Machine Learning Project Update: Preprocessing data
This first entry will focus on my experiments with preprocessing images which includes finding the mean and standard deviation, normalizing the set of images, using a convolution kernel, and sorting the images using TensorFlow.
First, I wrote a python script that scraped the first 100 images for ‘ballet dancer’. Here are a few of those images:
Next, I cropped every image to a square and then resized it to 100 x 100 pixels. I then created a 4 dimensional array of these 100 images. This is a plot of the resulting dataset.
Next, I created a TensorFlow session and found the mean of the images.
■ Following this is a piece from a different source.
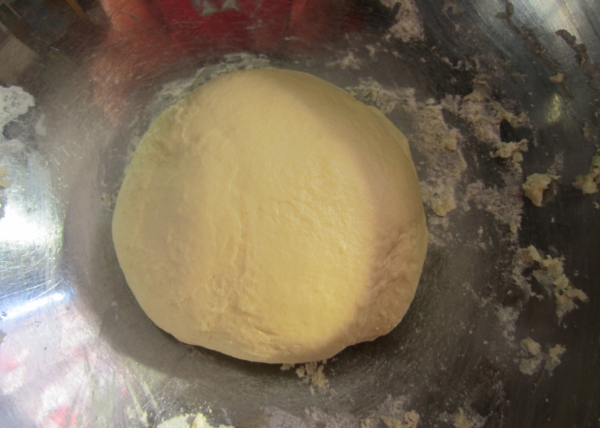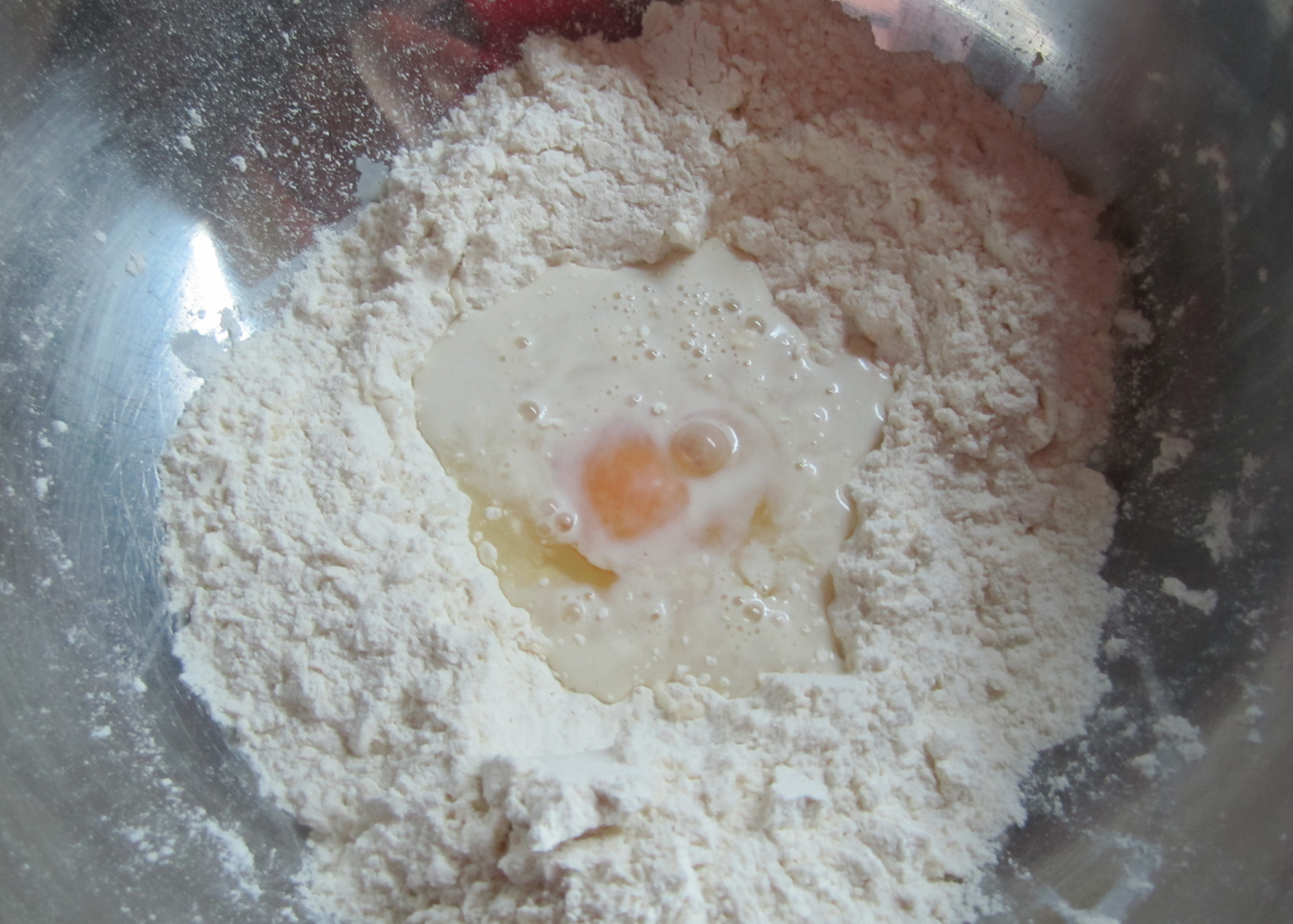 Jetzt die Hefe in der Milch auflösend und gemeinsam mit dem Ei in die Mulde geben. Den Teig nun von der Mitte aus anrühren und anschliessend sehr gut auf einer Arbeitsfläche kneten, bis er schön glatt ist. Wieder in die Schüssel legen und diese mit einem warmen, feuchten Tuch bedecken. Den Teig nun um das Doppelte aufgehen lassen.

Here’s the mean (if you look closely, you can see the outline of a dancer on one leg):
After that, I found the standard deviation of the images:
I then found the normalization of each image by subtracting the mean and dividing by the standard deviation.
I then built 3 kernels for each input color channel and then made the kernels into the shape [100, 100, 3, 1].
I then performed the convolution on the normalized images with the 4D tensors.
Finally, I flattened the convolved images so instead of many 3d images, I had many 1d vectors.
To do this I converted the 4d representation of N x H x W x C to a 2d representation of N x (H*W*C). Using tensorflow, I then attempted to organize the dataset. I tried sorting based on the mean value of each convolved image’s output to use for sorting.